Before I close this, just wanted to check a few things I am not 100% sure about. From several simulations, it seems that although the code is working, it is giving me results which are identical to those with diff( r ) as a constant (the physical expectation is that r+R clogs the medium more, so there should be much smaller concentrations when plugging diff(r+R)) in the variational formulation. This is what plotting the interpolation should also tell you.

diffu.vector()[:] = R_0

^ First, I am not entirely sure why you are defining this to be R_0: does this mean this vector is just the argument for the function you are using later on? Or is this just a starting guess because the diffusivity is between 0 and 1?

diffu.vector().set_local(diffvals(r+R_n.vector()[:]))
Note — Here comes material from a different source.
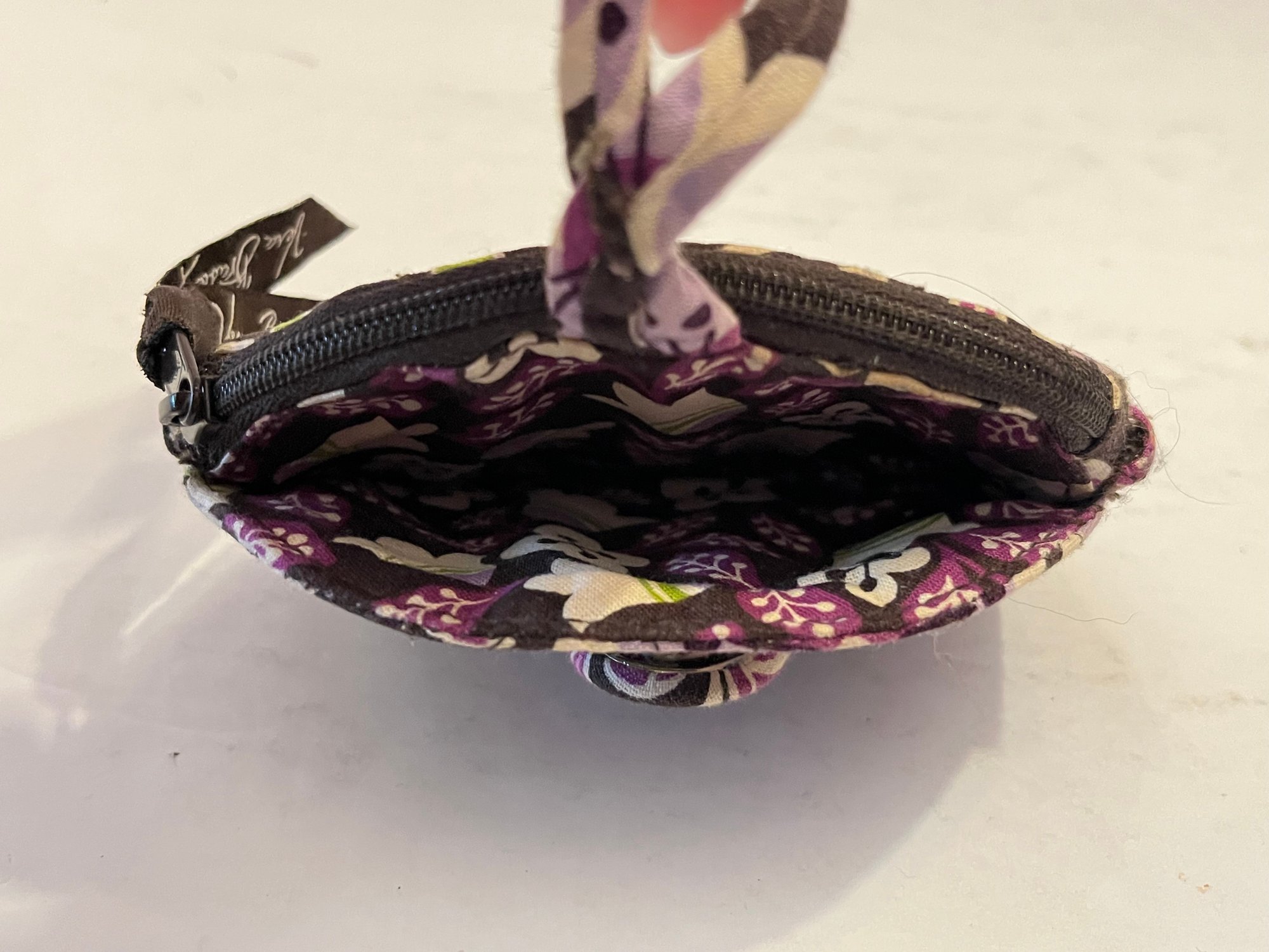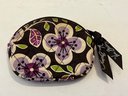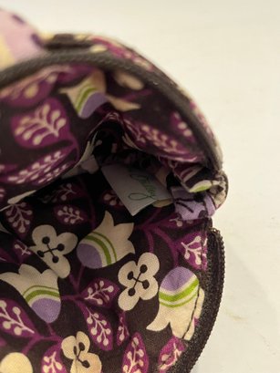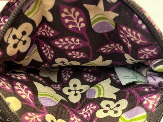 Vera Bradley small zippered coin pouch in the Plum Petals pattern. Features 1 bigger zipper pocket and 1 button closure front pocket. Measures approximately 4.5”. Pre owned condtion.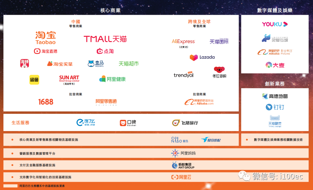 生态体系中,核心商业包括:淘宝、天猫、点淘、盒马、天猫超市、阿里健康、阿里零售通、1688、淘特、闲鱼、淘宝买菜、阿里国际站、全球速卖通、天猫国际、Lazada、考拉海购等。

^ I am assuming this is the evaluation of diff(r+R) that I am looking for, using the diffvals interpolation?

This just assigns all the values of diffu.vector()[:] which is a numpy.array of the degrees of freedom to be equal to R_0 (each). You can assign it to be equal to float(diffvals(R_0)) too. Again, this is a starting guess.

That’s right. This is assigning the degrees of freedom (nodal values) of diffu to be equal to those given by the interpolant.